Your assignment:
The listing is to be returned word for word, without its images.

Source data:

════

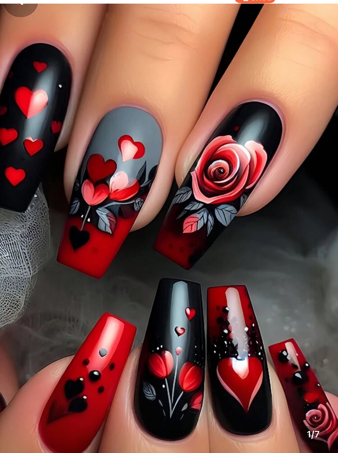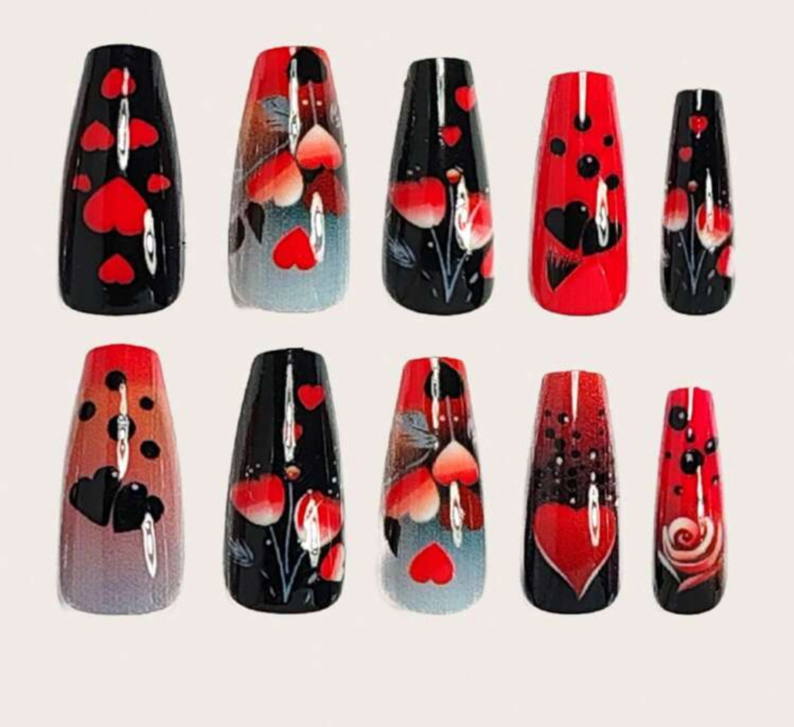 Express Your Love With 24pcs Coffin Shape Mani Press On Nails Valentines Nails Cute Fashion Red Black Love Red Gradient Black Fake Nails Elegant Beautiful Red Roses Heart Bouquet Red Fake Nails Valentine's Day Fake Nails Mother's Day Nails Full Cover Fake Nail Set For Women And Girls Includes Nail Salon With 1 Piece Of Jelly Gel And 1 File Stri Jelly Gel Random Shipment
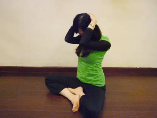 3、 雙手抱頭,手肘向內夾,慢慢低頭,讓後方頸椎一節一節彎屈至緊繃位置後,停留伸展,結束後還塬。
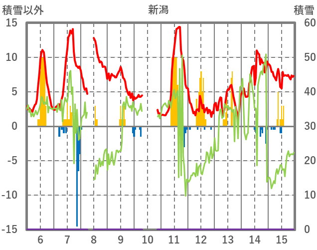 | 日 | 時 | 気温 | 降水 | 風向/風速 | 日照 | 積雪 | 降雪 |
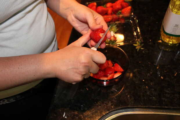 En un recipiente separado, corte para arriba alrededor de una docena de fresas (basta tener aproximadamente 3 tazas) ligeramente proceso de mezcla o comida. Pueden ser macizos, no quieres hacerlos puré. Debería hacer sólo un minuto en la batidora.

════

Answer below:
 Express Your Love With 24pcs Coffin Shape Mani Press On Nails Valentines Nails Cute Fashion Red Black Love Red Gradient Black Fake Nails Elegant Beautiful Red Roses Heart Bouquet Red Fake Nails Valentine's Day Fake Nails Mother's Day Nails Full Cover Fake Nail Set For Women And Girls Includes Nail Salon With 1 Piece Of Jelly Gel And 1 File Stri Jelly Gel Random Shipment
 3、 雙手抱頭,手肘向內夾,慢慢低頭,讓後方頸椎一節一節彎屈至緊繃位置後,停留伸展,結束後還塬。
 | 日 | 時 | 気温 | 降水 | 風向/風速 | 日照 | 積雪 | 降雪 |
 En un recipiente separado, corte para arriba alrededor de una docena de fresas (basta tener aproximadamente 3 tazas) ligeramente proceso de mezcla o comida. Pueden ser macizos, no quieres hacerlos puré. Debería hacer sólo un minuto en la batidora.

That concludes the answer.